Zesty lemon and cracked pepper marinated chicken thighs, roasted until skin is golden and crisp.

# What You’ll Need:

→ Chicken

01 - 8 bone-in, skin-on chicken thighs

→ Marinade

02 - 2 tablespoons olive oil
03 - Juice and zest of 2 lemons
04 - 1 tablespoon freshly cracked black pepper
05 - 1 teaspoon sea salt
06 - 4 garlic cloves, minced
07 - 1 teaspoon dried thyme (or 1 tablespoon fresh thyme, chopped)
08 - 1 teaspoon honey (optional, for subtle sweetness)

→ Garnish

09 - Fresh parsley, chopped
10 - Lemon wedges

# How-To Steps:

01 - Preheat oven to 425°F. Line a baking sheet with parchment paper and set aside.
02 - In a large mixing bowl, whisk together the olive oil, lemon juice, lemon zest, cracked black pepper, sea salt, minced garlic, thyme, and honey until well combined.
03 - Add the chicken thighs to the marinade and toss thoroughly to ensure even coating. Allow to marinate for at least 10 minutes at room temperature, or refrigerate up to 1 hour for deeper flavor penetration.
04 - Place the chicken thighs skin-side up on the prepared baking sheet. Pour any remaining marinade over the thighs.
05 - Roast for 35 minutes, or until the skin is deeply golden and crispy and the internal temperature registers 165°F at the thickest part of the thigh.
06 - Remove from the oven and let the chicken rest for 5 minutes.

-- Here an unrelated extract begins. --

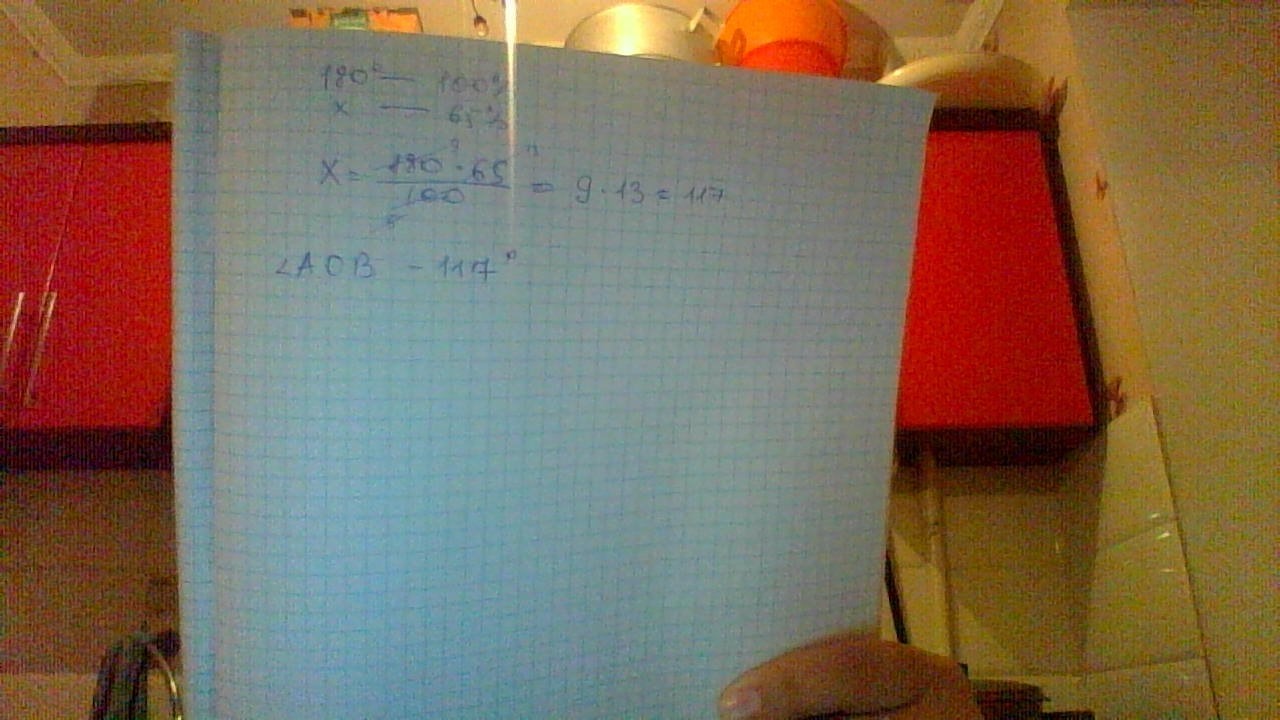 AOB бұрышының градустық өлшемі жазыңқы бұрыштың 65%-іне тең. AOB бұрышының градустық өлшемі неше градус?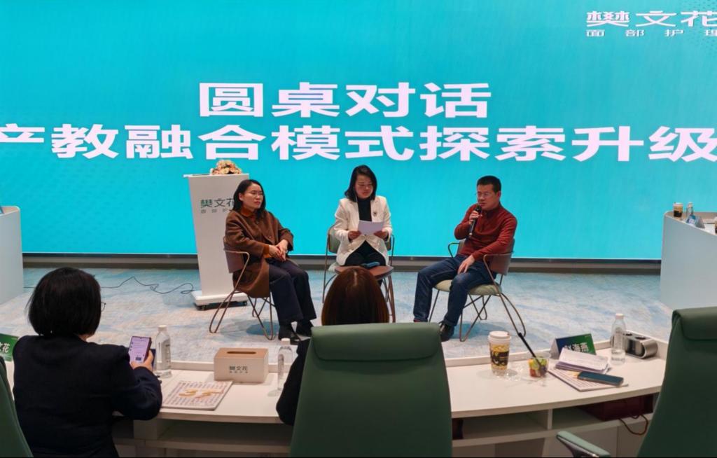 经验分享环节亮点纷呈。樊文花书院院长、学校兼职教师赵海燕详细介绍“以店带训” 创新人才培养模式,该模式依托企业真实门店场景,实现教学与实践深度融合,让学生在真实面部护理环境中锤炼技能、提升综合素质,达成学习过程与工作过程的有机统一,为美妆领域人才培养提供了可复制推广的有效路径。我校化妆品经营与管理专业妆管 2304 班学生钟烂辉作为樊文花订单班及优秀实习生代表,分享了在校企联合培养下的成长历程,她表示,通过企业真实项目实训与岗位轮岗锻炼,不仅扎实掌握了专业技能,更明晰了职业发展方向,顺利实现从学生到行业预备人才的过渡。

Garnish with chopped fresh parsley and serve alongside lemon wedges.

# Expert Advice:

01 -
  • The marinade comes together in about three minutes with pantry staples you probably already have on hand.
  • That crispy golden skin paired with juicy meat is genuinely restaurant quality with almost zero effort.
  • It reheats beautifully the next day, making it a sneaky good option for meal prep lunches.
02 -
  • If you crowd the pan too tightly the skin steams instead of crisping, so leave at least an inch of breathing room between each thigh.
  • An instant read thermometer is the single most reliable way to nail the timing, since thigh thickness varies more than you might expect.
  • Letting the chicken rest is not optional because cutting too early turns juicy meat into a puddle on the cutting board.
03 -
  • Run the finished chicken under the broiler for two minutes if the skin needs a little extra color and crunch right at the end.
  • Saving and drizzling the pan drippings over the plated chicken turns a great dinner into an unforgettable one.